ABOUT THIS TASK | Beginning at the line containing "Протокол № 77", repeat each line below exactly up to and including the line containing "Horgolt babarózsaszín crossbody". Do not repeat the pictures.

RECORDED DATA |
╔══
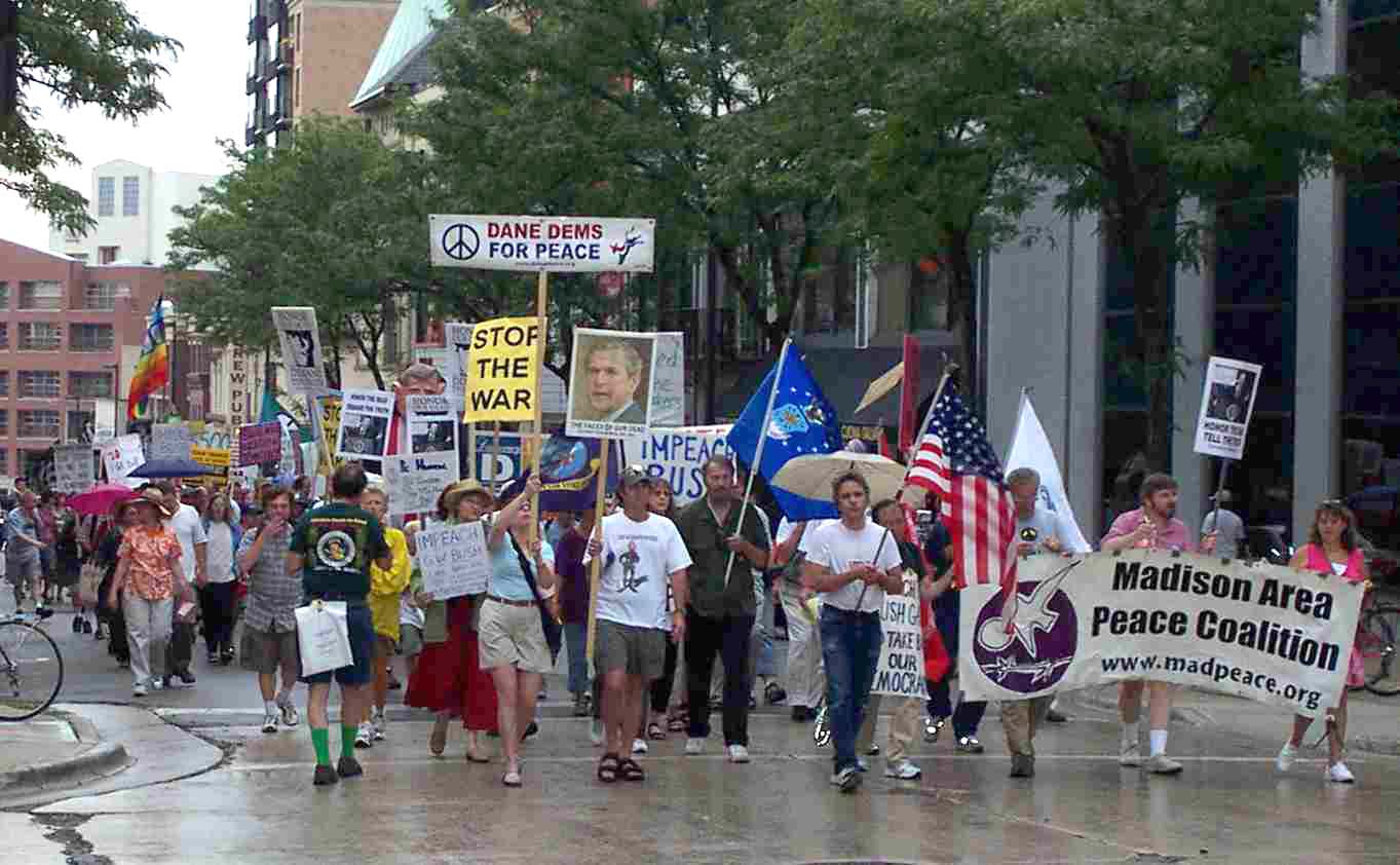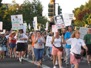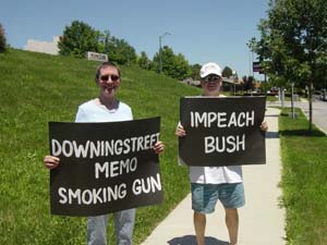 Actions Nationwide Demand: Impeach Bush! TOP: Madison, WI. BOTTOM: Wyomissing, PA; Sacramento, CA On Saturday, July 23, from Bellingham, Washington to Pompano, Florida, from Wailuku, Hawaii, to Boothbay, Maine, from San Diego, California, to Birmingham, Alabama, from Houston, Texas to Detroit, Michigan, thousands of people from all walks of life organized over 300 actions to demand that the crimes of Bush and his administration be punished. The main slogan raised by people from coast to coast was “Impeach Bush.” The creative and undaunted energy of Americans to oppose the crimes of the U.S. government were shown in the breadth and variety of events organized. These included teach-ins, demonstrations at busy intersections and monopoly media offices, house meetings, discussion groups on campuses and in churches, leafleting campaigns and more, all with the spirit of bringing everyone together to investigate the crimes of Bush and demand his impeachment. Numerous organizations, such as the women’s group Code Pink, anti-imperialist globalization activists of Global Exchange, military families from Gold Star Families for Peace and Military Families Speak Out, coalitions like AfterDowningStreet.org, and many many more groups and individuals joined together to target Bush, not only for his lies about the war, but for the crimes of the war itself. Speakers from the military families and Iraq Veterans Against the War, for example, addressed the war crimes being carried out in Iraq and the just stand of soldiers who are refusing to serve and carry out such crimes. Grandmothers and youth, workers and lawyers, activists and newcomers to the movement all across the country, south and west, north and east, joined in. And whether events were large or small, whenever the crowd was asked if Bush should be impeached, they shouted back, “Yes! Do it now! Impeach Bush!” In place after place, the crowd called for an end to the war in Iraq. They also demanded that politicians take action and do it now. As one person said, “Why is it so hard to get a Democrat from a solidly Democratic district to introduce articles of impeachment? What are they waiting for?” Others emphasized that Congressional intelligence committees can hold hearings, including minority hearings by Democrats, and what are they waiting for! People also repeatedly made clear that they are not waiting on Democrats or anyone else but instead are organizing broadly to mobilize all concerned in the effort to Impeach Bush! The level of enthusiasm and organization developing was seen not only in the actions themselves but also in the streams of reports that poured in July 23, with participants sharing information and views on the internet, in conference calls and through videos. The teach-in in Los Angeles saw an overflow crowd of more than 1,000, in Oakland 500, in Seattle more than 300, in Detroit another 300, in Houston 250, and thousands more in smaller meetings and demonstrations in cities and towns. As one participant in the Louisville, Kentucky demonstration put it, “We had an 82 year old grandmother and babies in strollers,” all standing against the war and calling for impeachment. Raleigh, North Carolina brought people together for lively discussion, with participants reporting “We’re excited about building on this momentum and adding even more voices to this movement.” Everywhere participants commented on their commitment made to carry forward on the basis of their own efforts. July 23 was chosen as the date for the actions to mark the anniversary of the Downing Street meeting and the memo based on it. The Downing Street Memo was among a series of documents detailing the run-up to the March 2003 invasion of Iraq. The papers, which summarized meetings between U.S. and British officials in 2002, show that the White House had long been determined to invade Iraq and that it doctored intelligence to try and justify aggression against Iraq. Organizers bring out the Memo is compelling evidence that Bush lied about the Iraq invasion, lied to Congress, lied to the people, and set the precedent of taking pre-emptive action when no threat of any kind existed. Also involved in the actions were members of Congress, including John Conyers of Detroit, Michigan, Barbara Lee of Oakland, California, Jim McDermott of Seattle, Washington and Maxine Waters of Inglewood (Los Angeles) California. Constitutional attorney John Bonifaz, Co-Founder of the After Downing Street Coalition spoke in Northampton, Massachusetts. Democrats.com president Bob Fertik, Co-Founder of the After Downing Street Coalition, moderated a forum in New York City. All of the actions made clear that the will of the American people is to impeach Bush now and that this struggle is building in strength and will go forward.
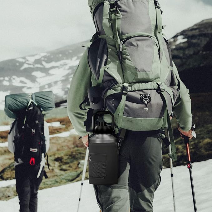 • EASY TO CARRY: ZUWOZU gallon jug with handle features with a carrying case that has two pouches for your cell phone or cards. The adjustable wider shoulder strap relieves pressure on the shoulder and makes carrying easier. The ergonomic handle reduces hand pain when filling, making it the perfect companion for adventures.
╚══
╔══
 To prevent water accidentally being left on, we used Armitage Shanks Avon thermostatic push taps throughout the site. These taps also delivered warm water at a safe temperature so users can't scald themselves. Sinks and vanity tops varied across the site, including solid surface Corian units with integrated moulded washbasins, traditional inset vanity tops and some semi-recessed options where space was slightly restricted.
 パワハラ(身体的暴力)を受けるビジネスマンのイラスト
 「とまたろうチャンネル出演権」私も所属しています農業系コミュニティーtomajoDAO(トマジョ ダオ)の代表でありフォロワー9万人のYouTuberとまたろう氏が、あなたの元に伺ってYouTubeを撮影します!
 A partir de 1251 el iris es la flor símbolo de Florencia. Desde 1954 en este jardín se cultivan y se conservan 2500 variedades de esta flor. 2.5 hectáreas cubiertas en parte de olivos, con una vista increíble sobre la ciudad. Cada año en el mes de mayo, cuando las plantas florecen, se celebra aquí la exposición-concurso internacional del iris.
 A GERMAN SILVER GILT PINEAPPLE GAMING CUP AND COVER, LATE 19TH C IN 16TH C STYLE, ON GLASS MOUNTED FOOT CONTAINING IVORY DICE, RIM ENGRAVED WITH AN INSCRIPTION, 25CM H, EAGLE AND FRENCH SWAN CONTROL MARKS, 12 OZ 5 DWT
╚══
╔══
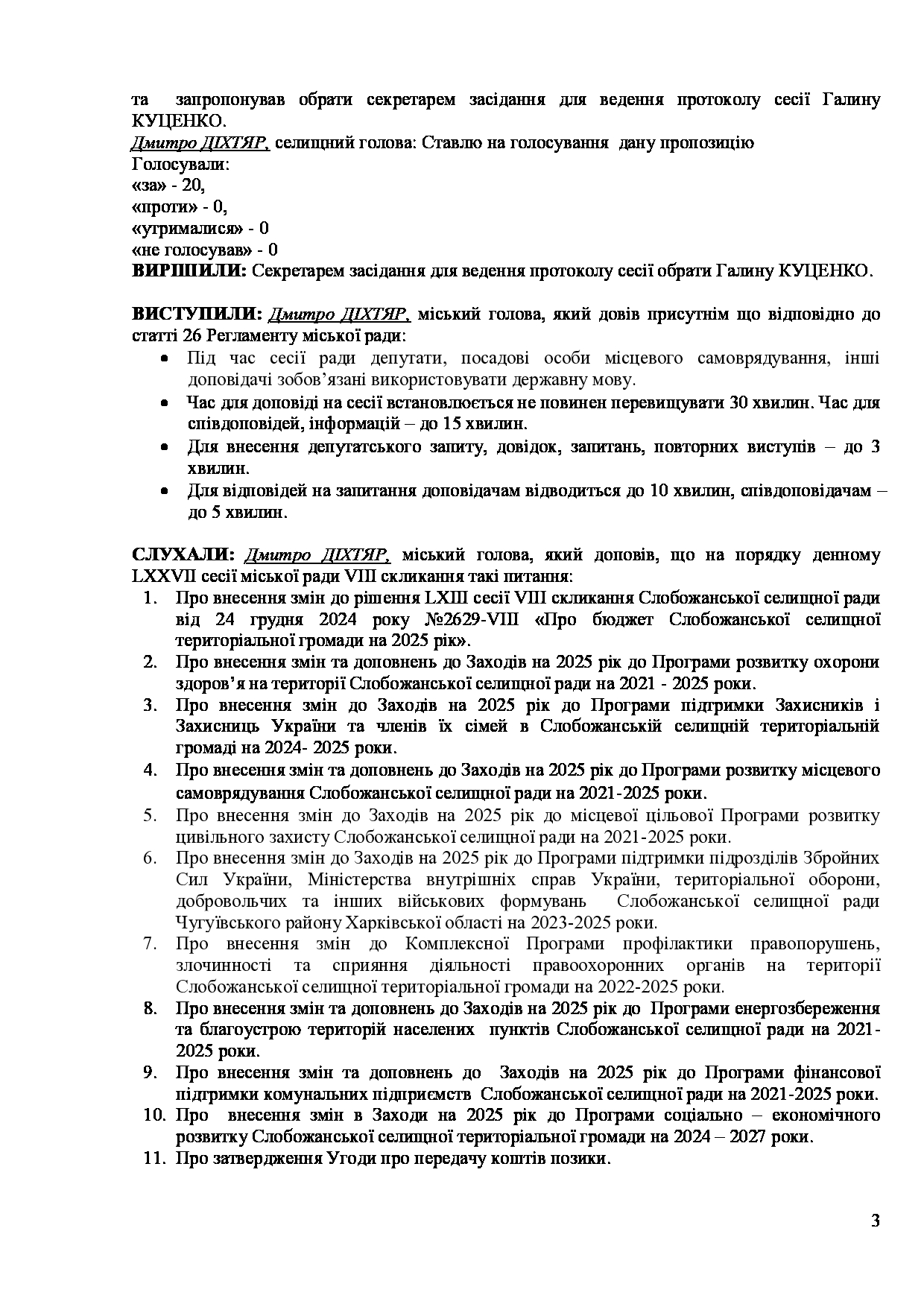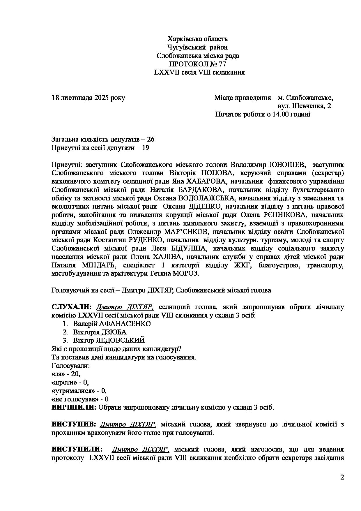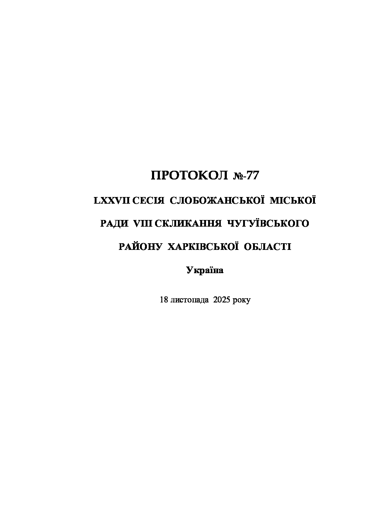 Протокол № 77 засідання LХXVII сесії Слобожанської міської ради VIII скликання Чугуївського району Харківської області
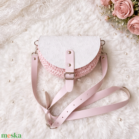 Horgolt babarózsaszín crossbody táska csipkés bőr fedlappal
╚══
WRITTEN RESPONSE |
 Протокол № 77 засідання LХXVII сесії Слобожанської міської ради VIII скликання Чугуївського району Харківської області
 Horgolt babarózsaszín crossbody táska csipkés bőr fedlappal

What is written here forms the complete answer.